• **What to do**:
Without changing a word, return the listing below, minus its images.

[[ Exercise input, beginning ]]

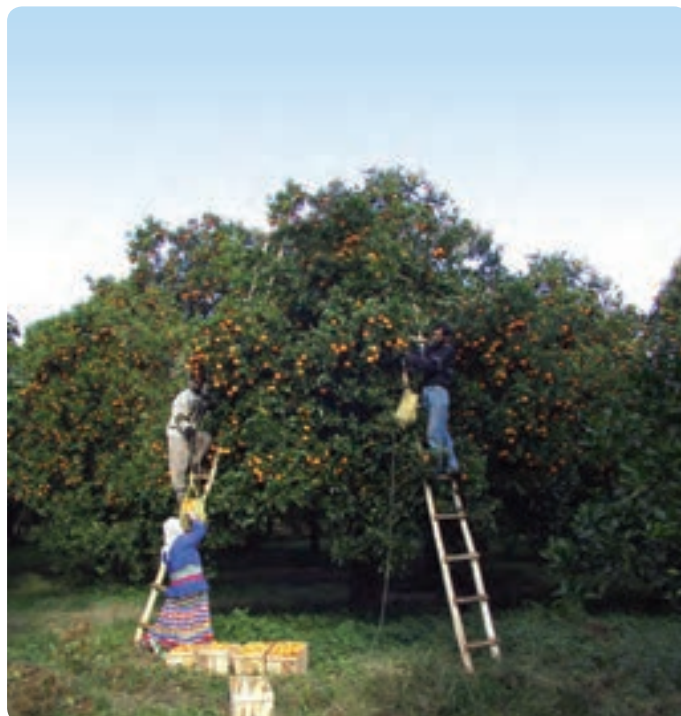
شکل ۲۳-۵- برداشت مرکبات

استان گیلان با برخورداری از امکانات و استعدادهای متنوع آبرزی پروری به جهت دارا بودن مزارع پرورش ماهیان گرم آبی، سردآبی و ماهیان خاویاری، آب بندان‌ها، چاه‌های آب و مزارع شالیزاری، یکی از قطب‌های مهم پرورش آبزیان کشور است که در صورت فراهم شدن بستر مناسب‌تر، این فعالیت می‌تواند نقش به‌سزایی در توسعه پایدار و همه‌جانبه استان ایفا کند. گفتنی است گیلان اولین استان در کشور است که در زمینه پرورش ماهیان خاویاری شروع به کار کرد و گونه منحصر به فرد فیل ماهی را پرورش داد و سبب شد ایران دومین کشور در زمینه تکثیر این ماهی در جهان باشد.
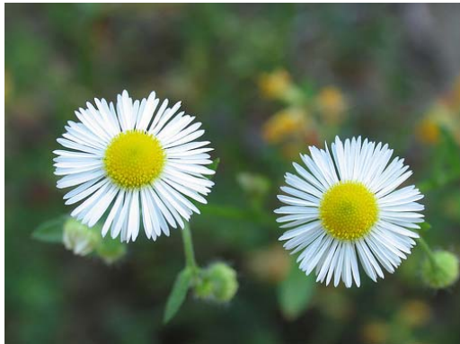
Abbildung 1: Gänseblümchen (Daisies)

Das Gaia-Prinzip ist eine Hypothese, unsere Erde als Ganzes als Lebewesen zu betrachten 1 . Diese Hypothese wurde vom Chemiker, Biophysiker und Mediziner James Lovelock und der der Mikrobiologin Lynn Margulis etwa um die Mitte der 1960er Jahre entwickelt und kann heute als Theorie gelten. Mit dem sehr einfachen Modell von Daisyworld haben die beiden einen Aspekt des Temperaturverhaltens anschaulich gemacht– Lovelock spricht bei diesem Modell klar von einer Karikatur von Gaia.
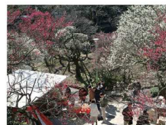
▲ 熱海梅園(イメージ)
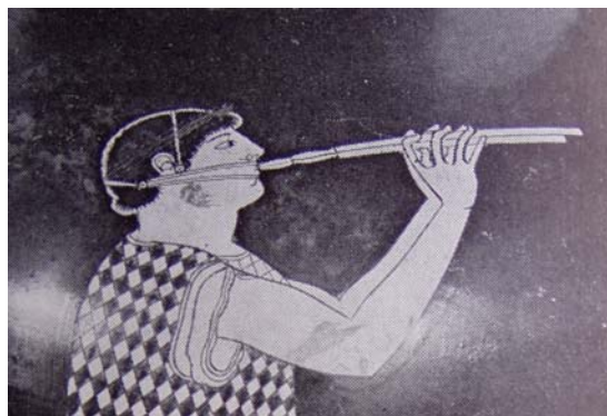
Görög tárogató pofaszorító szíjjal.

A vékonyka szalmasíp és a vastag, hosszú sípszár közötti átmenetet lépcsőzetesen bővülő nádcsövecskék biztosították. Ezt később tölcseresen táguló fémcső helyettesítette, ami az ún. töröksípok kialakulásához vezetett. Ez a nagy hangerejű hangszer már túl sok levegőt igényelt ahhoz, hogy egy ember képes legyen a sípokat egyszerre fújni, ezért a két sípot két ember fújta külön-külön. A sípszáron így már két kéz ujjai voltak elhelyezhetők, a hanglyukak száma itt négy helyett nyolc lett.

[[ Exercise input, end ]]

• **Output below**:
شکل ۲۳-۵- برداشت مرکبات

استان گیلان با برخورداری از امکانات و استعدادهای متنوع آبرزی پروری به جهت دارا بودن مزارع پرورش ماهیان گرم آبی، سردآبی و ماهیان خاویاری، آب بندان‌ها، چاه‌های آب و مزارع شالیزاری، یکی از قطب‌های مهم پرورش آبزیان کشور است که در صورت فراهم شدن بستر مناسب‌تر، این فعالیت می‌تواند نقش به‌سزایی در توسعه پایدار و همه‌جانبه استان ایفا کند. گفتنی است گیلان اولین استان در کشور است که در زمینه پرورش ماهیان خاویاری شروع به کار کرد و گونه منحصر به فرد فیل ماهی را پرورش داد و سبب شد ایران دومین کشور در زمینه تکثیر این ماهی در جهان باشد.
Abbildung 1: Gänseblümchen (Daisies)

Das Gaia-Prinzip ist eine Hypothese, unsere Erde als Ganzes als Lebewesen zu betrachten 1 . Diese Hypothese wurde vom Chemiker, Biophysiker und Mediziner James Lovelock und der der Mikrobiologin Lynn Margulis etwa um die Mitte der 1960er Jahre entwickelt und kann heute als Theorie gelten. Mit dem sehr einfachen Modell von Daisyworld haben die beiden einen Aspekt des Temperaturverhaltens anschaulich gemacht– Lovelock spricht bei diesem Modell klar von einer Karikatur von Gaia.
▲ 熱海梅園(イメージ)
Görög tárogató pofaszorító szíjjal.

A vékonyka szalmasíp és a vastag, hosszú sípszár közötti átmenetet lépcsőzetesen bővülő nádcsövecskék biztosították. Ezt később tölcseresen táguló fémcső helyettesítette, ami az ún. töröksípok kialakulásához vezetett. Ez a nagy hangerejű hangszer már túl sok levegőt igényelt ahhoz, hogy egy ember képes legyen a sípokat egyszerre fújni, ezért a két sípot két ember fújta külön-külön. A sípszáron így már két kéz ujjai voltak elhelyezhetők, a hanglyukak száma itt négy helyett nyolc lett.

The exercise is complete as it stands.